John has been involved in originating, structuring and closing investments of more than $730 million to finance 1.8 million square feet of commercial development and over 15,400 units of housing. Prior to Enterprise, John spent four years with Prudential Mortgage Capital Company where he originated and structured $336 million in affordable housing loans. From 1999 until 2002, John was a vice president at Muni Mae (now MMA Financial). In that capacity, John originated and underwrote multifamily tax-exempt bond transactions and originated conventional construction loans as well as Fannie Mae permanent loans. Before joining Muni Mae, John spent five years with Enterprise as the manager of the Enterprise Loan Fund, and then structuring low-income housing tax credit transactions with the New York Equity Fund and the City of New York. John began his career as a community organizer in Southeast Washington, D.C. and as a developer of affordable housing, with SOME (So Others Might Eat). John holds a Bachelor degree in Finance from St. Bonaventure University and a Master of Public Policy with concentrations in Social Policy and Public Sector Financial Management from the University of Maryland, School of Public Policy.
Douglas has more than 25 years of commercial real estate industry experience. Prior to this role, he was a managing director at JPMorgan Asset Management-Global Real Assets. In his 12 years at JPMorganChase, he co-authored the investment thesis and served as the co-Portfolio Manager of the $180 million green real estate Urban Renaissance Property Fund. The Fund uniquely invested ONLY in sustainable real estate. Preceding this assignment, he was a Client Portfolio Manager for JPMorgan Asset Management where he was responsible for raising capital while also helping clients such as the pension plans of New York City, City of Baltimore, and Jacksonville Police and Fire design and implement their real estate strategies as a trusted fiduciary. He raised during his tenure more than $1.2 billion in new business for the firm.
Douglas obtained a B.A. from Yale University and an M.B.A. from the University of Connecticut in International Business Finance. He is Chairman of the Real Estate Committee of the $500 million Abyssinian Development Corporation. He is a trustee of University of Connecticut Foundation and sits on both its Real Estate Committee and its Investment Committee. He also sits on the Board of Advisers of Rutgers Business School. His memberships and affiliations include or have included the Urban Land Institute, National Association of Securities Professionals, and NY-U.S. Green Building Council. Douglas holds FINRA series 7 & 63 licenses.
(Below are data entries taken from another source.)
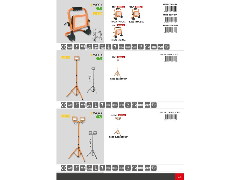 LED reflektor WORK s typovým označením RMLED je rozkládací reflektor, který se vyznačuje vysokou přenosností díky praktickému stojanu a madlu. Nahrazuje klasické halogenové typy mají často až 10x vyšší spotřebu a pomalý náběh. O úsporný chod se starají vysoce účinné a moderní čipy typu SMD. Díky vysokému krytí IP65 najde výrobek uplatnění i venku při osvětlování staveb, dílen nebo budov.Doplňkové parametry
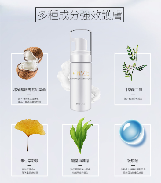 『ViNACE米爾娜斯』雙效洗卸顏慕絲內含多種強效護膚成分
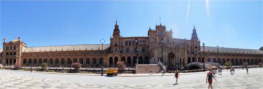 パビリオンとして建てられた広場内の建物は、セビリアをはじめアンダルシア地方の典型的な建築様式であるムデハル様式 を取り入れたもので、両翼に半円形に延びる回廊と、スペイン各県の歴史的出来事を描写した壁面タイル絵が特徴的である。
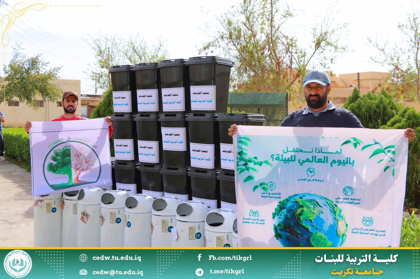 حيث شارك في الحملة السيدة معاون العميد للشؤون الأدارية الأستاذ المساعد الدكتورة سلمى خالد ياسين مع الفريق الطلابي الصديق للبيئة
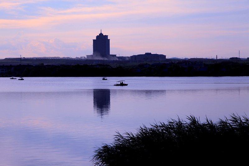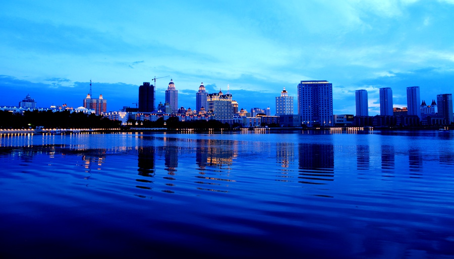 天渐渐黑下来了,云霞散尽的北湖露出了湛蓝的天空,同时湖对面大楼的灯光逐渐亮起,一盏、二盏、三盏,瞬间汇成了灯的海洋。灯光把湖水渲染的色彩斑斓,香格里拉大饭店美轮美奂。几座大楼的倒影与湖水交相辉映。天空有流星划过,地下璀璨的灯光,此景只应天上有,人间能有几回观啊。

He is a frequent speaker on topics related to sustainability, real estate and
Marc Norman is a Vice President at Deutsche Bank in its Community Development Finance Group. In this position, Marc provides loans and investments to organizations serving low income communities throughout the U.S. With a Masters degree in Urban Planning from U.C.L.A., Marc has over 15 years of experience in the field of affordable housing development and finance. Having worked for both for-profit and non-profit developers, investors, and lenders, Marc has seen community development from every angle. Prior to his current position at Deutsche Bank he was a Managing Director at Duvernay Brooks, a real estate development and consulting firm in New York City which specializes in helping governmental agencies and private developers execute mixed income, mixed use urban revitalization. Marc serves and multiple boards and has lectured on real estate development and public private collaborations at numerous conferences and Universities. In addition to professional endeavors he is an avid cyclist and hiker.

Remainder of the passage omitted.